▶ Exercise goal: The copy should hold exactly the lines below from the one that contains "Automatic paper roll-to-sheet" through the one that contains "1. En la ficha" and nothing else, so no pictures.

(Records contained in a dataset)
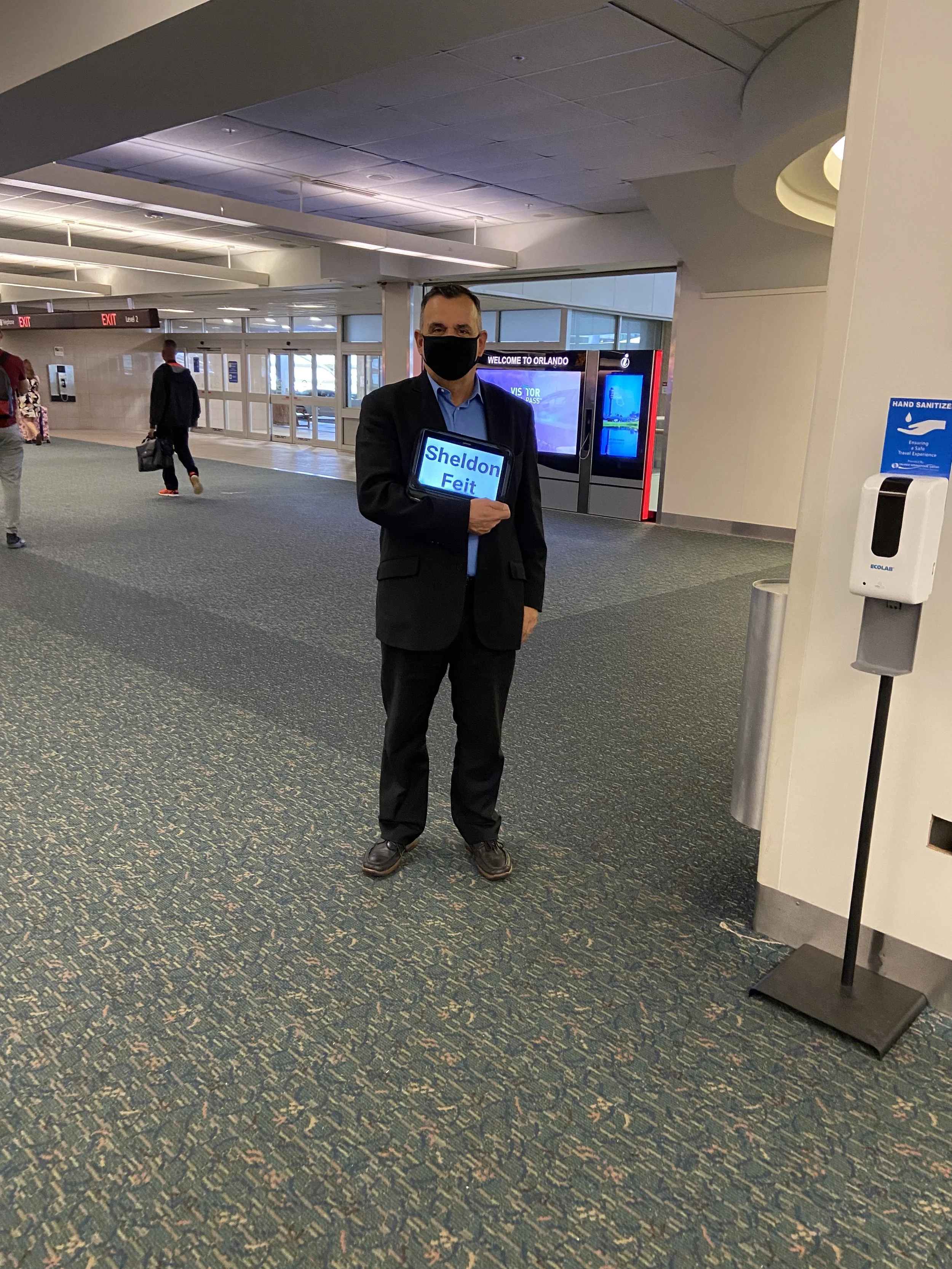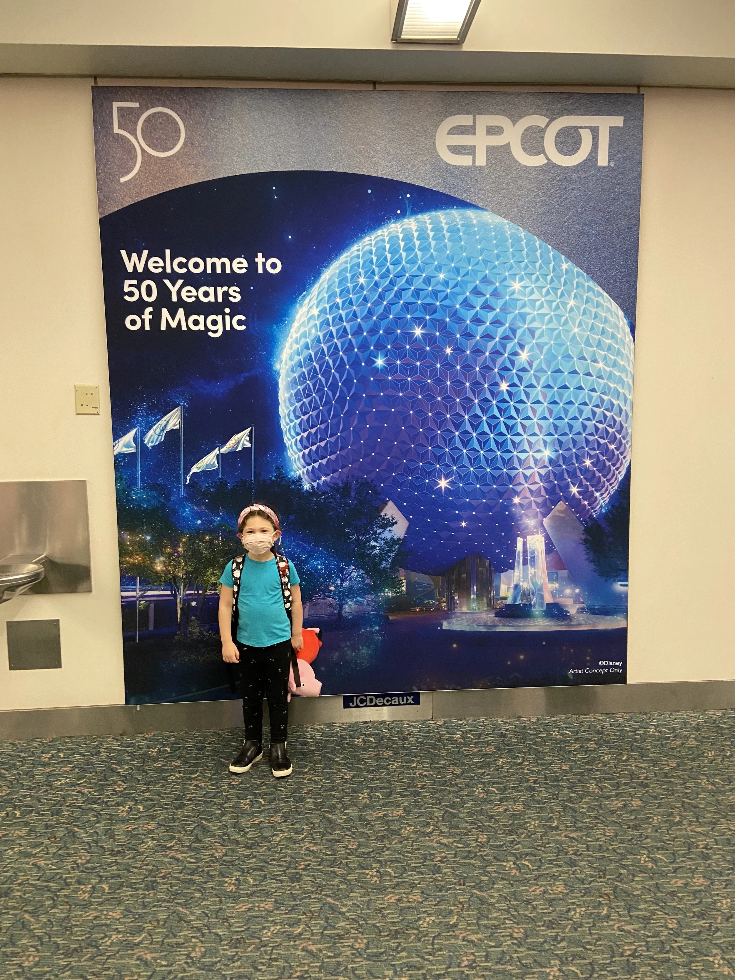 Walking through the airport felt like we never left. We headed to the train to baggage claim and saw the 50th anniversary décor. Very exciting! At baggage claim a man was waiting for us with a sign that said Sheldon Feit. We had to wait a while for the luggage, and then it was pouring rain when we got outside. The driver had been prearranged with the hotel and he brought a Mercedes Sprinter Van. Thankfully Madeleine fell right asleep, and the ride was about 40 minutes.
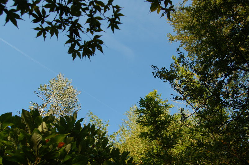 wie hier li oben/* Eucalyptus gunnii Silverform*,der scheinbar aus /*Quercus pontica*/ herauswächst.Re versch z.T. sehr(!!!,bis 10m) hohe Bambusarten und Nothofagus ant.
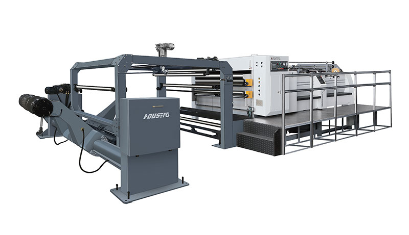 Automatic paper roll-to-sheet cutting machine with auto stacker and trimmer, the feature is a cost-effective, high-speed cutter, high-precision models, has high-speed, smooth, powerless trimming and slitting functions, and has quick adjustment and locking functions.
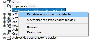1. En la ficha Personalizar, en el panel Personalizaciones en <nombre de archivo>, haga clic con el botón derecho en Información de herramientas al pasar el ratón.
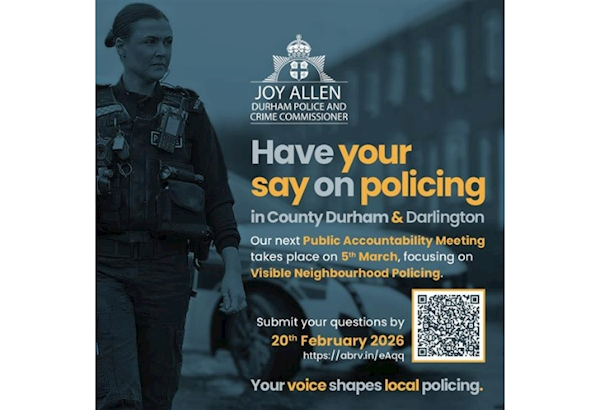 Residents across County Durham and Darlington are being encouraged to have their say on neighbourhood and visible policing by submitting questions for the next Public Accountability Meeting. The meeting, taking place on Wednesday 5 March, will see the Police and Crime Commissioner put residents’ questions directly to the Chief Constable and senior police leaders, focusing on issues that matter most to local communities. The theme for the meeting will be Neighbourhood Visible Policing, including police presence in communities, tackling antisocial behaviour, engagement with residents, and how local concerns are being addressed. Neighbourhood policing is a key priority in the Commissioner’s Police, Crime and Justice Plan, reflecting what residents consistently say they want – to see officers in their communities, feel reassured, and know that everyday safety issues are being taken seriously. People are invited to submit questions about policing in their area, whether that relates to visibility, antisocial behaviour, response to concerns, or how neighbourhood teams work with local residents. Questions do not need to be formal or technical. A selection of questions received by the deadline will be asked at the meeting on behalf of the public. Police and Crime Commissioner Joy Allen said: “Neighbourhood policing is about what people experience day to day – seeing officers in their area, feeling safe where they live, and knowing their concerns are being listened to.
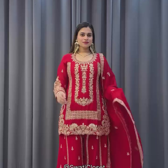 red sharara set amrodary
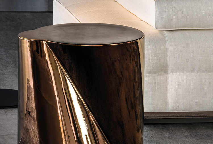 两个锥体连接在一起,打造出造型别具一格的边几,与此同时,两种金属饰面也体现出这款产品的非凡气质:铜色和铂金色。在经过玻璃化的工序之后,陶瓷还要经过进一步烧制,以此来熔化釉面的金属。
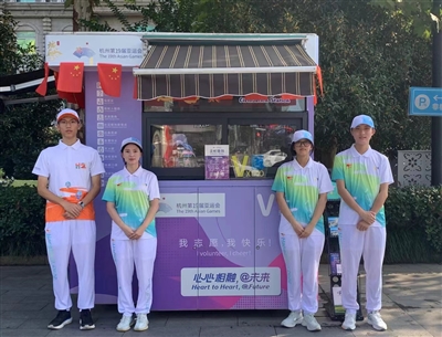 “你的背包不能带入场内,可以到对面的城心城意党群服务驿站寄存。”亚运赛事期间,身着红马甲的志愿者热心地为观赛市民提供帮助,成为场馆周边一道亮丽的风景线。
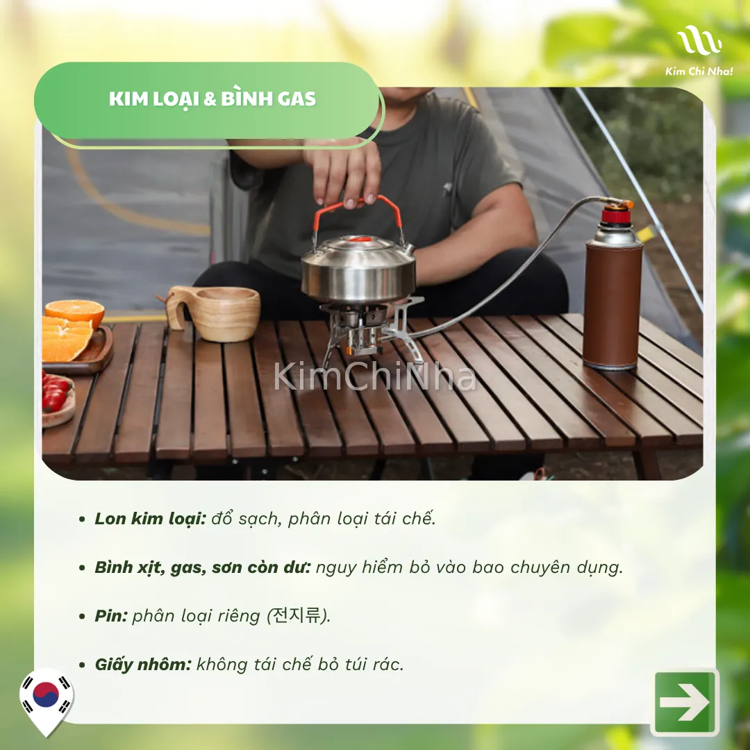Lon kim loại: đổ sạch nội dung, phân loại tái chế.
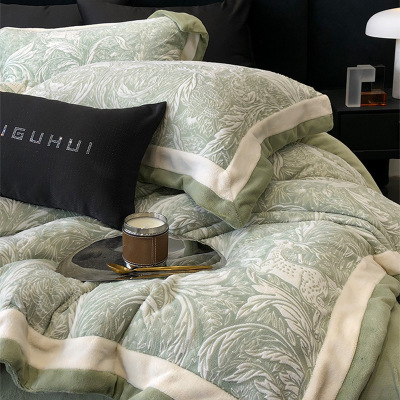 小清新高克重冬季牛奶绒床盖款四件套加厚保暖双面珊瑚绒被套床品
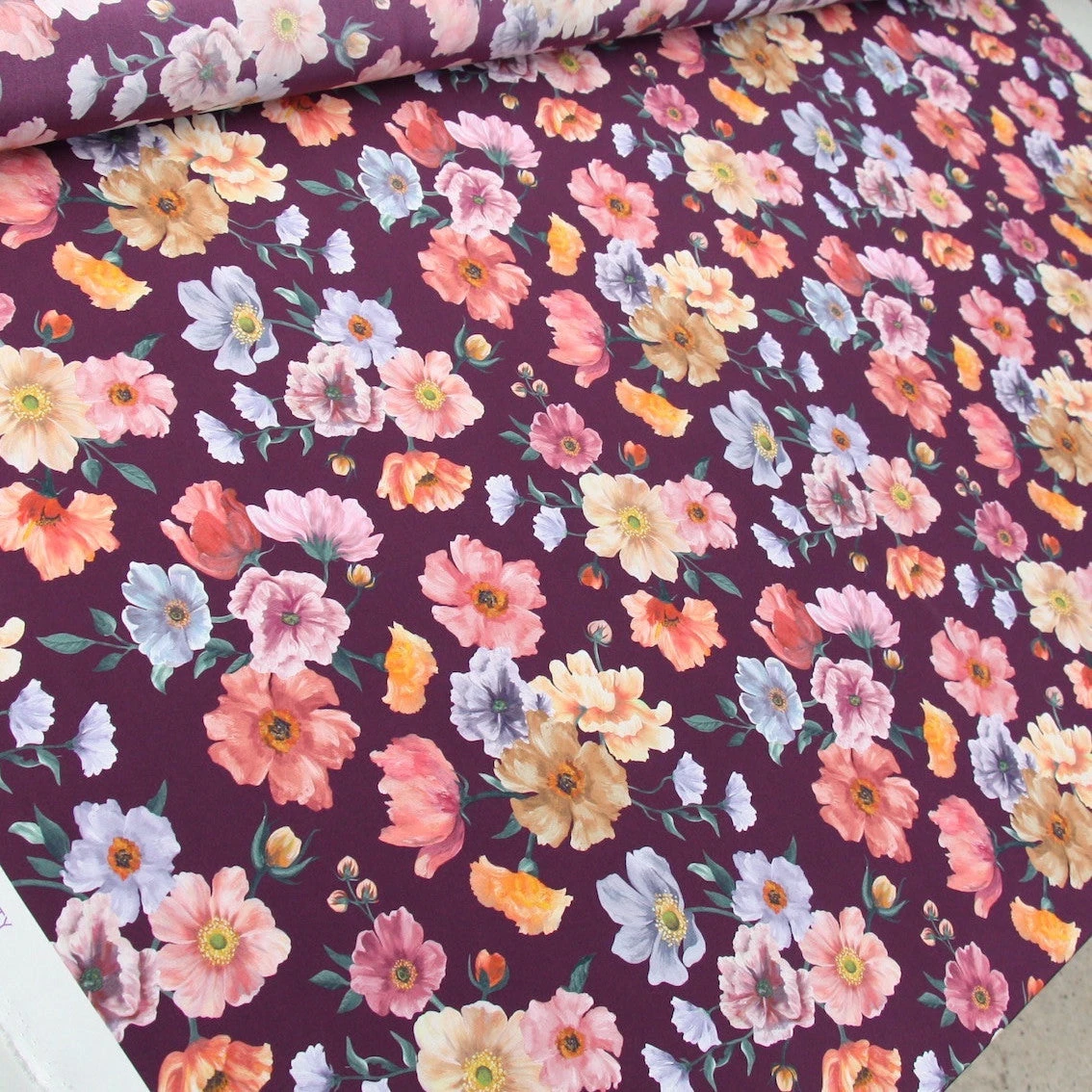 Jessica’s Picnic is an oil-painted multidirectional print, inspired by afternoons spent in the British countryside. It features cosmos, dog rose and carnations.
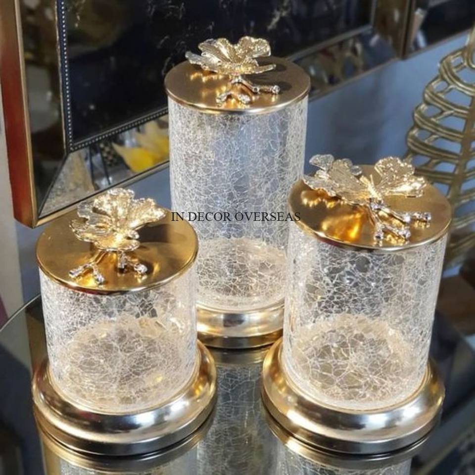 ชุดเครื่องครัว3ถังพร้อมฝาปิดด้านบนเป็นรูปผีเสื้อสีทองขัดเงาเครื่องเงินสแตนเลสสตีล
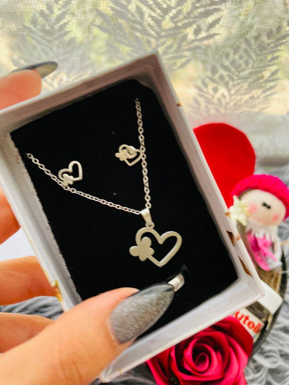 این باکس قلبیشکل با ترکیب گردنبند و انگشتر استیل زیبا و ظریف، خرس قرمز بامزه، رز ربانی و نوتلا ، یه سورپرایز شیرین و خاص برای هر مناسبتیه 🎀

▶ Reply:
 Automatic paper roll-to-sheet cutting machine with auto stacker and trimmer, the feature is a cost-effective, high-speed cutter, high-precision models, has high-speed, smooth, powerless trimming and slitting functions, and has quick adjustment and locking functions.
1. En la ficha Personalizar, en el panel Personalizaciones en <nombre de archivo>, haga clic con el botón derecho en Información de herramientas al pasar el ratón.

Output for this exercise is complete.